**AIM OF THE TASK:** Exact reproduction is required for the lines below starting at the line with "Vestido de manga" and ending at the line with "사진 아래부분의 파란색선이 블루투스 정류모듈의 배선 입니다.", both included. No other lines, and no pictures.

**DATA TO PROCESS:**
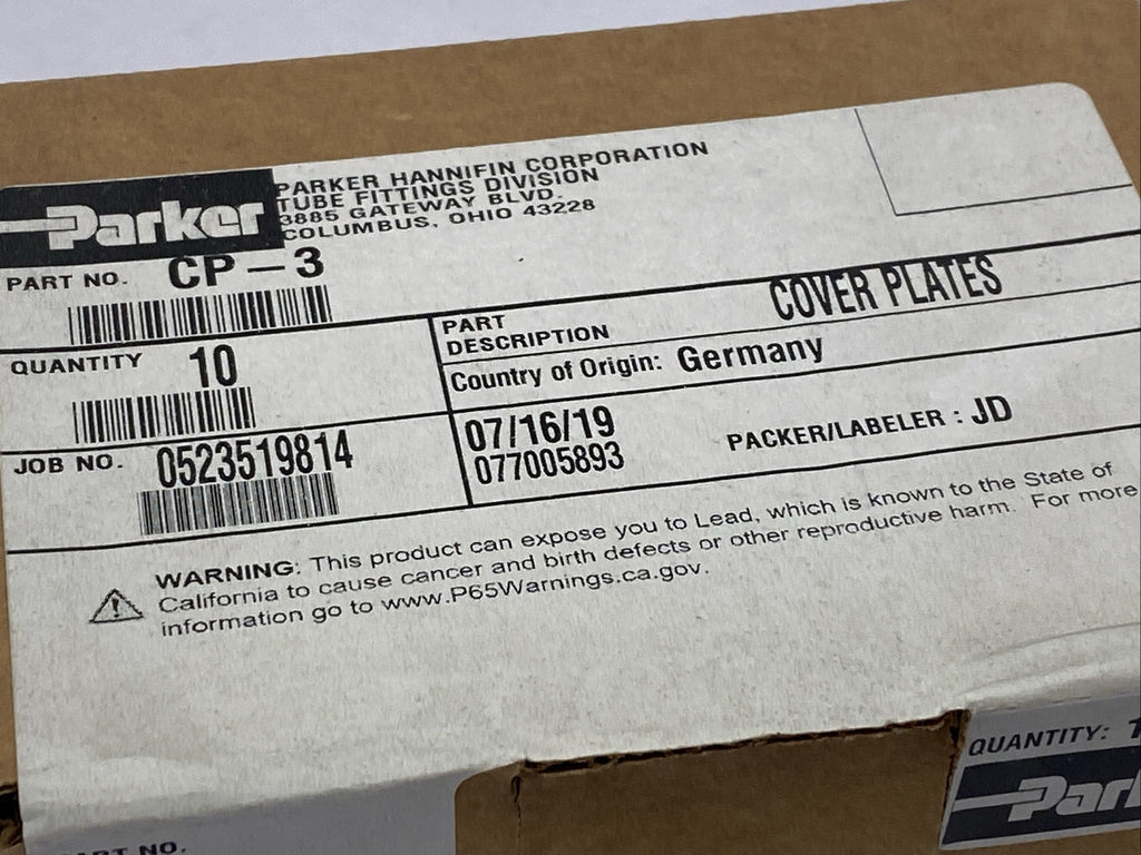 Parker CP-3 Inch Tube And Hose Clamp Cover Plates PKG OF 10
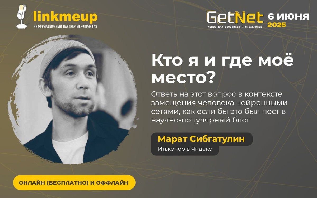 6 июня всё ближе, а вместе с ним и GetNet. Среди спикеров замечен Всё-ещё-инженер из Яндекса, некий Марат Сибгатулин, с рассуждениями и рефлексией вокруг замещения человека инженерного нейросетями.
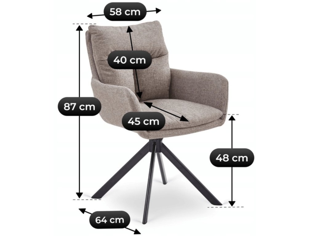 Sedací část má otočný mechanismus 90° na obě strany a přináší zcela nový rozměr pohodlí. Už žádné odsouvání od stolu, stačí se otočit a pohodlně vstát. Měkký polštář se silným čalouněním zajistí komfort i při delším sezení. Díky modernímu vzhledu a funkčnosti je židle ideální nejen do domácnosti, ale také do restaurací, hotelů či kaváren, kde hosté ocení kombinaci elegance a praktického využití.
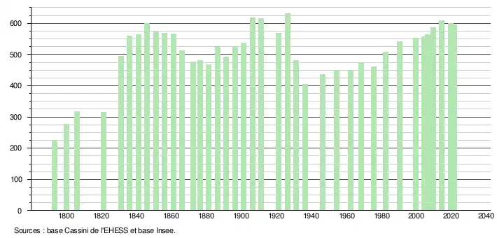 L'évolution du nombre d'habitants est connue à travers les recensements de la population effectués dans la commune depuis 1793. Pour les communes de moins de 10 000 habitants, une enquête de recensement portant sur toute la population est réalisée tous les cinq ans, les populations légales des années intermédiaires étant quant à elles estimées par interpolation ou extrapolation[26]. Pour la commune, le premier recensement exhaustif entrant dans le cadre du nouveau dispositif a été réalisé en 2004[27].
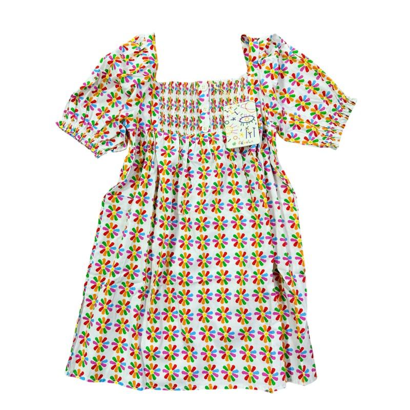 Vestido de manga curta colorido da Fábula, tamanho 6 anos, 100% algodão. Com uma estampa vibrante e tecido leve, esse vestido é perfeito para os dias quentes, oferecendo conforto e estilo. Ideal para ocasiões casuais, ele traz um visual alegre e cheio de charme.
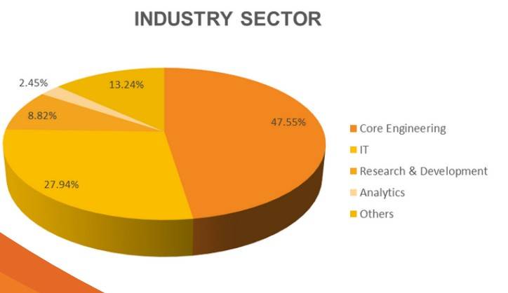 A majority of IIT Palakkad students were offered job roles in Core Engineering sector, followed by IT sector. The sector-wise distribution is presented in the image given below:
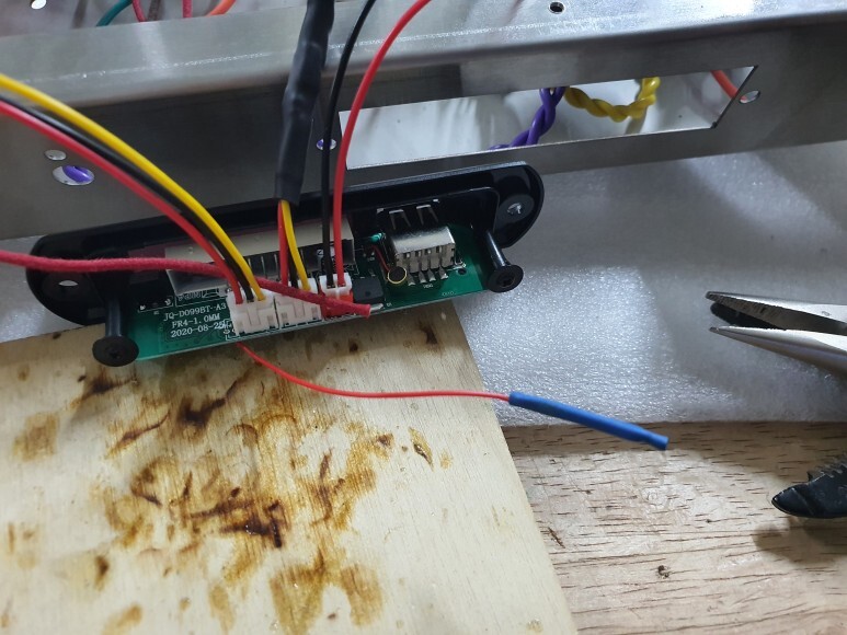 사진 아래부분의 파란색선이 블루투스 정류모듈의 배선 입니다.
...
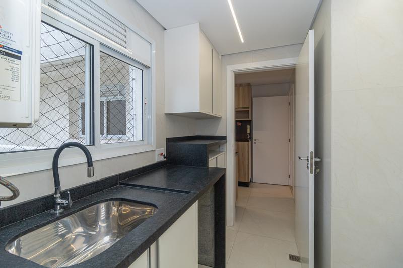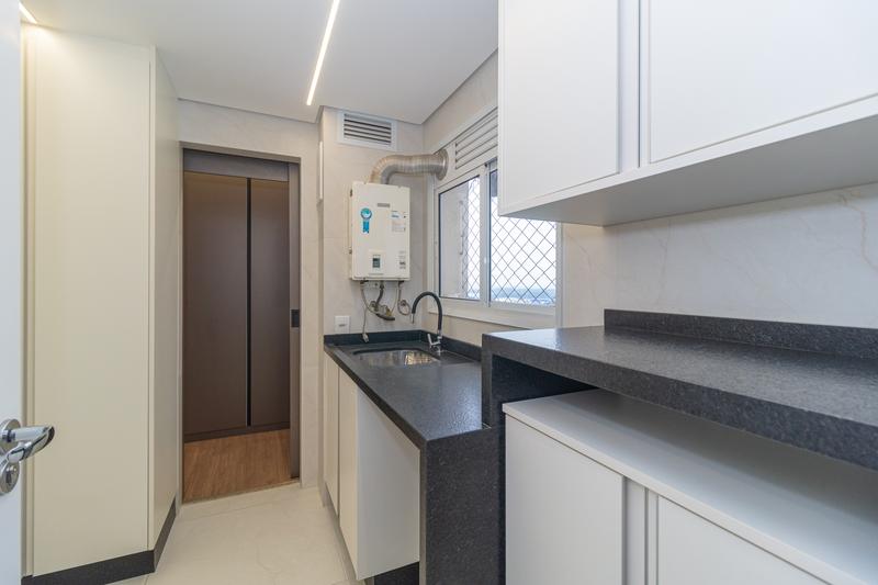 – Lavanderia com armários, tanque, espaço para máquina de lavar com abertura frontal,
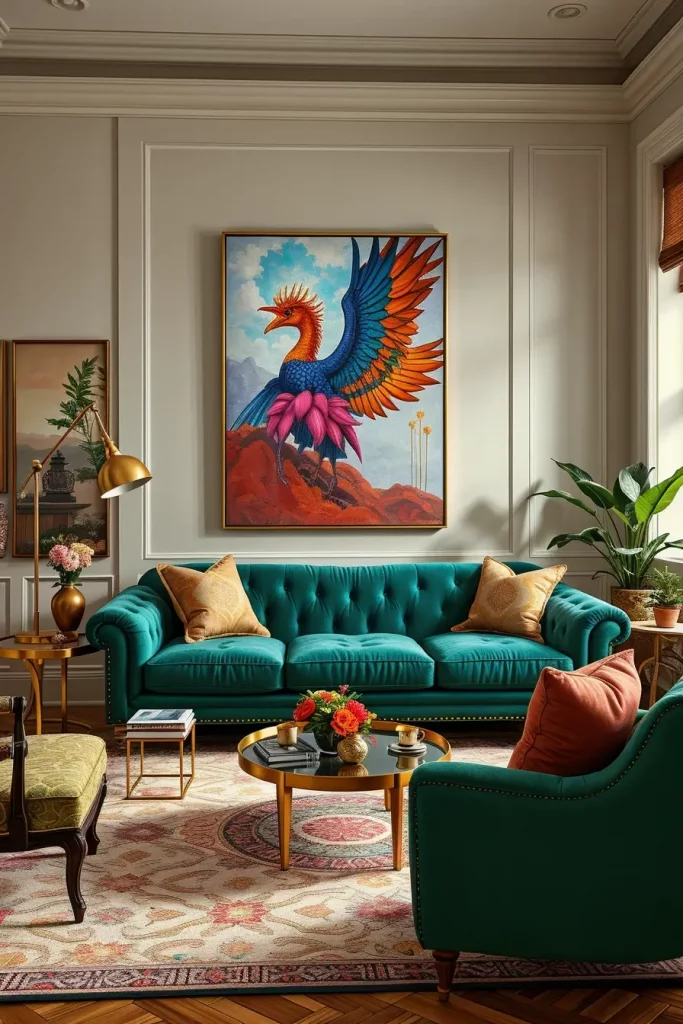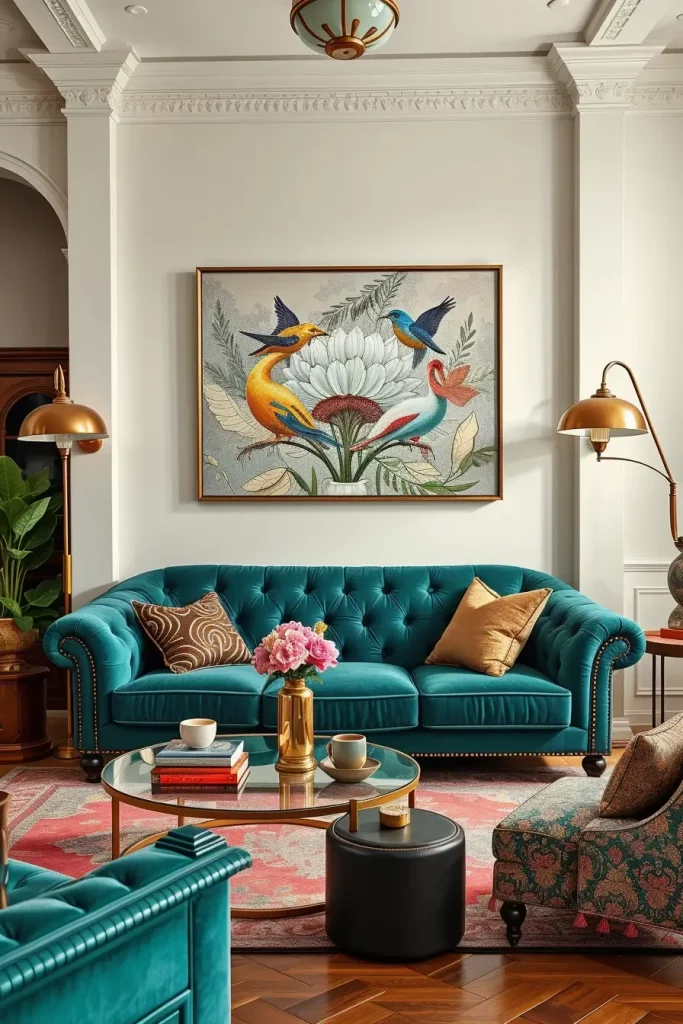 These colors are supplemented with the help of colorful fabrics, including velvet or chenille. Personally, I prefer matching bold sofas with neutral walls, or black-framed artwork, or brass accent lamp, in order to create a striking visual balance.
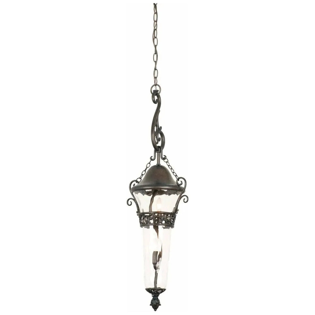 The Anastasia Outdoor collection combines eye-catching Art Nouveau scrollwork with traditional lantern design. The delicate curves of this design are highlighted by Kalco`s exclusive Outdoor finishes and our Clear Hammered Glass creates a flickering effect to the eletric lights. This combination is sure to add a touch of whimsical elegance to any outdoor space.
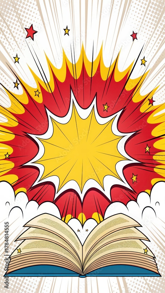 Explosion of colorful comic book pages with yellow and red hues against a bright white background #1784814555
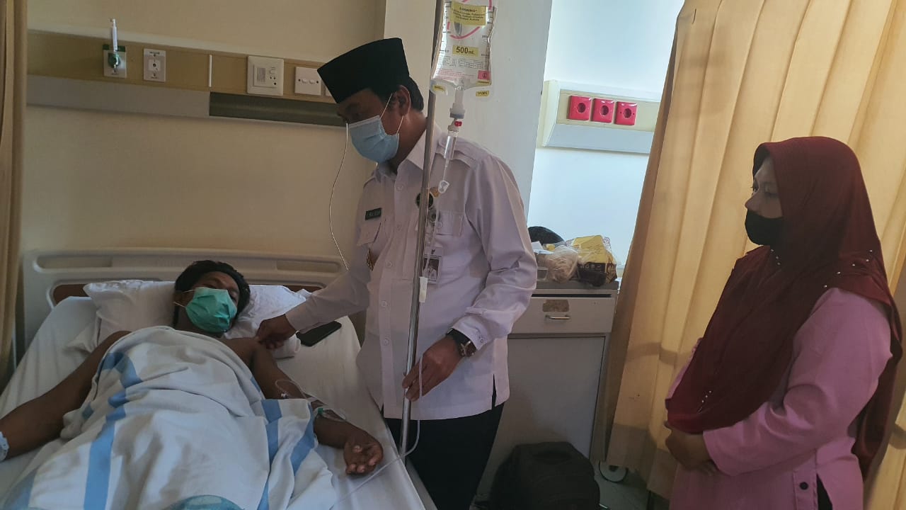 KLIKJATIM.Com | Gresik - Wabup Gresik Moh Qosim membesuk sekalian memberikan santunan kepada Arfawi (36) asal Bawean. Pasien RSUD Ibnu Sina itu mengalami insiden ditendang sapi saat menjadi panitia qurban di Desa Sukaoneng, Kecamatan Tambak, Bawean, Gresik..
* * *
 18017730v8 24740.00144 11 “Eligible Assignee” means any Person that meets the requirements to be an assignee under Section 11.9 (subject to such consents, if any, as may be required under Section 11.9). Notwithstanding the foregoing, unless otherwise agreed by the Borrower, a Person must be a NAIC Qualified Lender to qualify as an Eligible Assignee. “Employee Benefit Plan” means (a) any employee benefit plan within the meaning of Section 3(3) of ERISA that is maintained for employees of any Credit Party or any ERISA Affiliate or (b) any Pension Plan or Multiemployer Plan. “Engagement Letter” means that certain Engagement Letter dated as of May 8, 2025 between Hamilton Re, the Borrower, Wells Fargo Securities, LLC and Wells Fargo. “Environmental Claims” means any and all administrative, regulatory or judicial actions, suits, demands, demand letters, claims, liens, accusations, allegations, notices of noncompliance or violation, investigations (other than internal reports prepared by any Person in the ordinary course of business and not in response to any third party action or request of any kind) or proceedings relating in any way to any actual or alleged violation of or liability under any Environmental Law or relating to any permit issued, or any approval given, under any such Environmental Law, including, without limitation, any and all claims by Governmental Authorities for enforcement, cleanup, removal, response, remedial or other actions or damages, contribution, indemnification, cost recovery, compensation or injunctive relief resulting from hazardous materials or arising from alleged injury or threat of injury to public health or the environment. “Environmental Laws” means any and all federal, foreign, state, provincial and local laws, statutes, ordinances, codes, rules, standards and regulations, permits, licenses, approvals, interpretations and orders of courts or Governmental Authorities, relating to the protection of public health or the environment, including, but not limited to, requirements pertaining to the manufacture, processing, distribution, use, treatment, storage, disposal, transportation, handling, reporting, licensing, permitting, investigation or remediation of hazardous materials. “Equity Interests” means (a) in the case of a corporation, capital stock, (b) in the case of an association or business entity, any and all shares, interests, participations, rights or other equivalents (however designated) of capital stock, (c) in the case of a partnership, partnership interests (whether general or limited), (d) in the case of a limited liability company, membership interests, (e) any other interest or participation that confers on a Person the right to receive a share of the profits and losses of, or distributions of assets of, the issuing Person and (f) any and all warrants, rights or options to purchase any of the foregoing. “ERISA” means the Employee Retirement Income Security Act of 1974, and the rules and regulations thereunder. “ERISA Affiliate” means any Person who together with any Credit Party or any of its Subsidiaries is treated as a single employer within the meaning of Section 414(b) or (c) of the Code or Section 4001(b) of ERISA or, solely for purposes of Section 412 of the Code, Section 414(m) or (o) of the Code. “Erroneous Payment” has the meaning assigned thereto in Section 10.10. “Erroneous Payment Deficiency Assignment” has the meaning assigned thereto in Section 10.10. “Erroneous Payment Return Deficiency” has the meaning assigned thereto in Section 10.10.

**ANSWER TO THIS PROBLEM:**
 Vestido de manga curta colorido da Fábula, tamanho 6 anos, 100% algodão. Com uma estampa vibrante e tecido leve, esse vestido é perfeito para os dias quentes, oferecendo conforto e estilo. Ideal para ocasiões casuais, ele traz um visual alegre e cheio de charme.
 A majority of IIT Palakkad students were offered job roles in Core Engineering sector, followed by IT sector. The sector-wise distribution is presented in the image given below:
 사진 아래부분의 파란색선이 블루투스 정류모듈의 배선 입니다.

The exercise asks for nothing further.